Record set: Begin

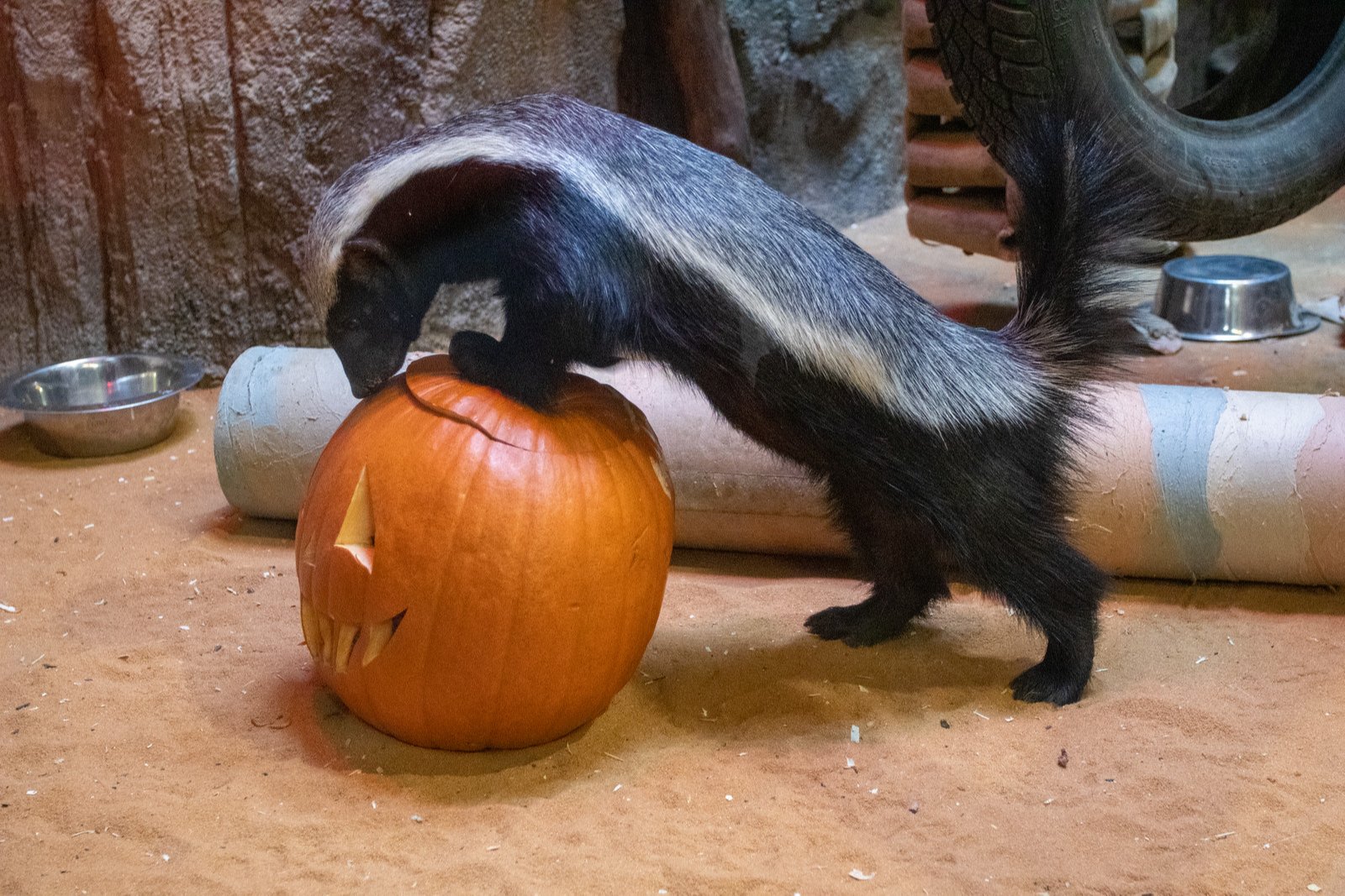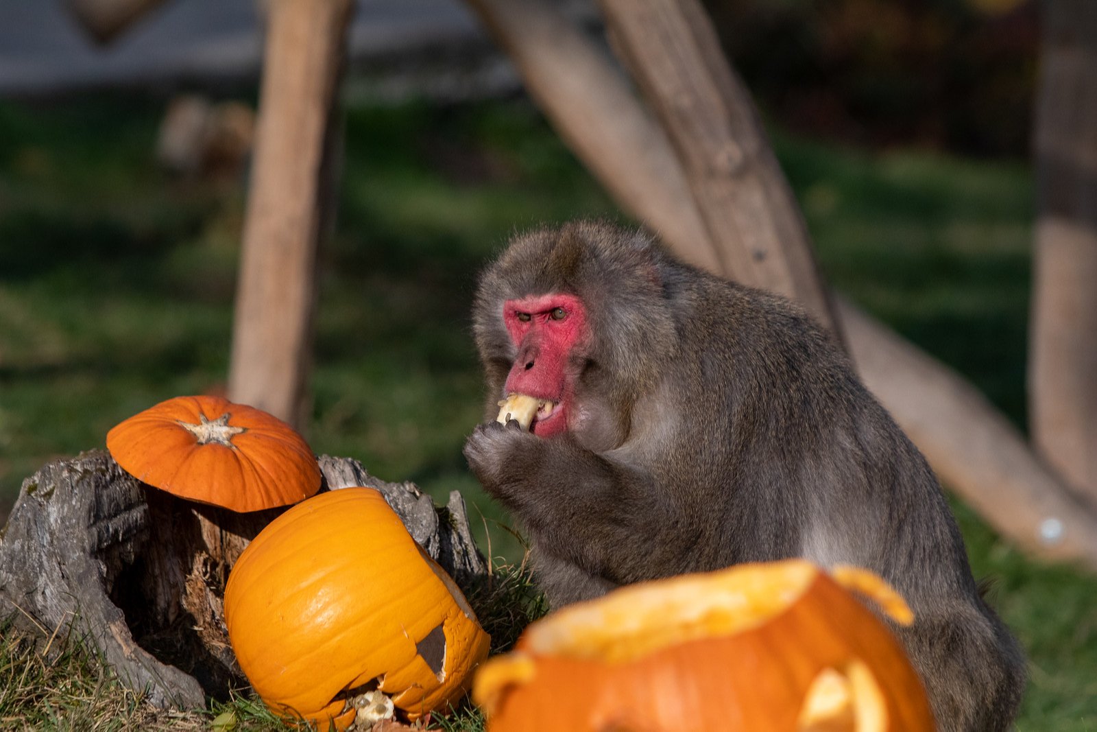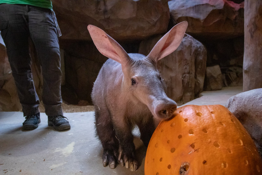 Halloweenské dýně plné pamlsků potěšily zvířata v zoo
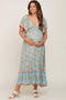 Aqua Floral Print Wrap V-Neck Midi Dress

Record set: End
Record set: Begin

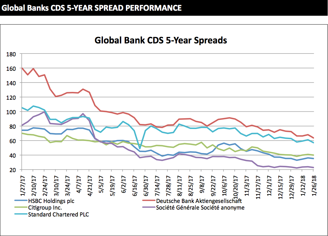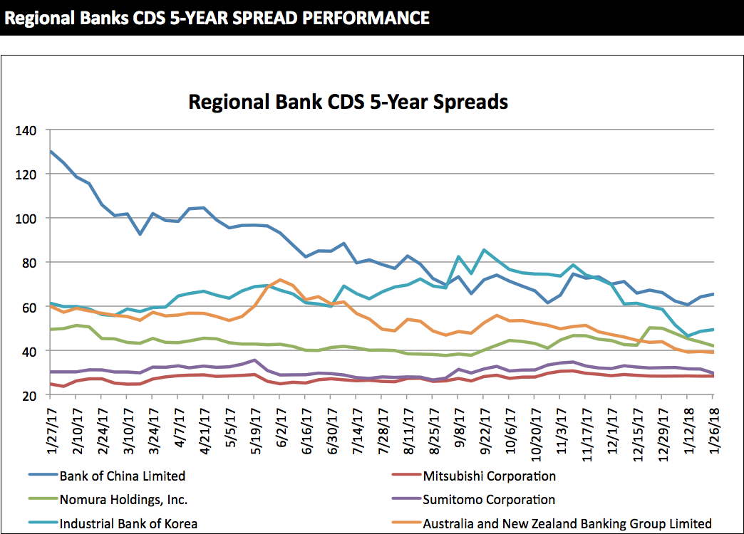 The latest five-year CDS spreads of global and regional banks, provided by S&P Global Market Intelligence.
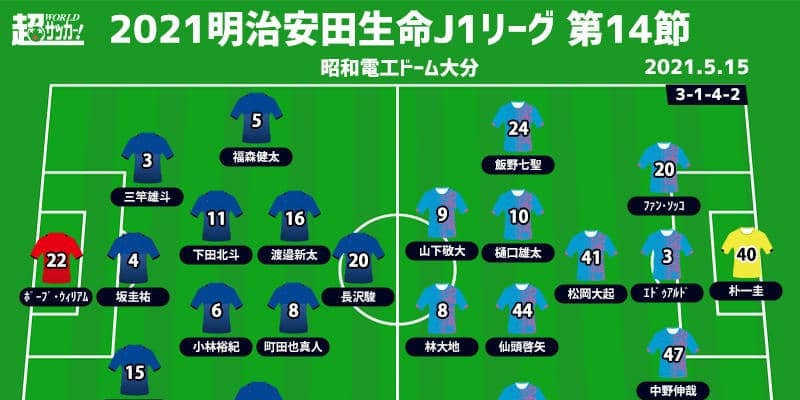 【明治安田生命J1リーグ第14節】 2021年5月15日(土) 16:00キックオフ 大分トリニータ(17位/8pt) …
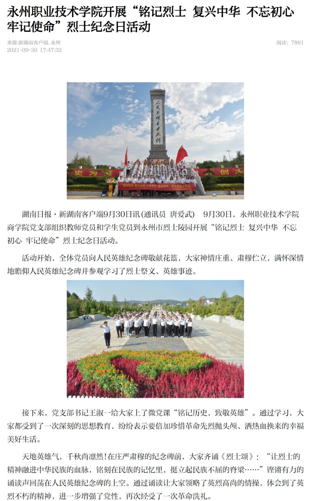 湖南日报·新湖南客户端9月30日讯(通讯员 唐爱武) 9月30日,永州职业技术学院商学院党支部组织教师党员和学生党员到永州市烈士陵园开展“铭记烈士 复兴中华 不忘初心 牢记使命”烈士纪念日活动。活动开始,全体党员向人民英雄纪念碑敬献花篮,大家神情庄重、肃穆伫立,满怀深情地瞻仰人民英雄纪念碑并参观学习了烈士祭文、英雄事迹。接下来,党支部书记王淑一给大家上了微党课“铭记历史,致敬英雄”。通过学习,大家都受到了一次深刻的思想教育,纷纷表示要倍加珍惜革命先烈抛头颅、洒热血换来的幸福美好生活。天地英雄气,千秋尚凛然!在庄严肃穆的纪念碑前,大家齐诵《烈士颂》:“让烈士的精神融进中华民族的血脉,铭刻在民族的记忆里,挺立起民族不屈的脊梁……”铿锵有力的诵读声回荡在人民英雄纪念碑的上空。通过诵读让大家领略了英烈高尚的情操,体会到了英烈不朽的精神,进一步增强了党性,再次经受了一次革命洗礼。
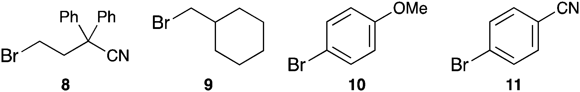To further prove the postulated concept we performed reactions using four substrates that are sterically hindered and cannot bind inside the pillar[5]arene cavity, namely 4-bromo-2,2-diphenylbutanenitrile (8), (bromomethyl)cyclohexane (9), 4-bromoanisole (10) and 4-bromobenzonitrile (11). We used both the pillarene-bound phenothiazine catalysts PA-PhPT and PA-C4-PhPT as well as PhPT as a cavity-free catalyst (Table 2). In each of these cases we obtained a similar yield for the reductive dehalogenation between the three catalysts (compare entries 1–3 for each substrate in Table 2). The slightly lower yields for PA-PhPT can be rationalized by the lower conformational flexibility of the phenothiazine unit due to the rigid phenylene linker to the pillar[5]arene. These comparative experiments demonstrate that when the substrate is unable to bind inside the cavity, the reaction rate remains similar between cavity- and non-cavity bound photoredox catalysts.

Record set: End

> **Requirement**
Using the entries above, write out exactly the lines from the one with "Halloweenské dýně plné" through the one with "Aqua Floral Print Wrap V-Neck Midi Dress", ends included. Leave out any pictures.

> **Response area**
 Halloweenské dýně plné pamlsků potěšily zvířata v zoo
 Aqua Floral Print Wrap V-Neck Midi Dress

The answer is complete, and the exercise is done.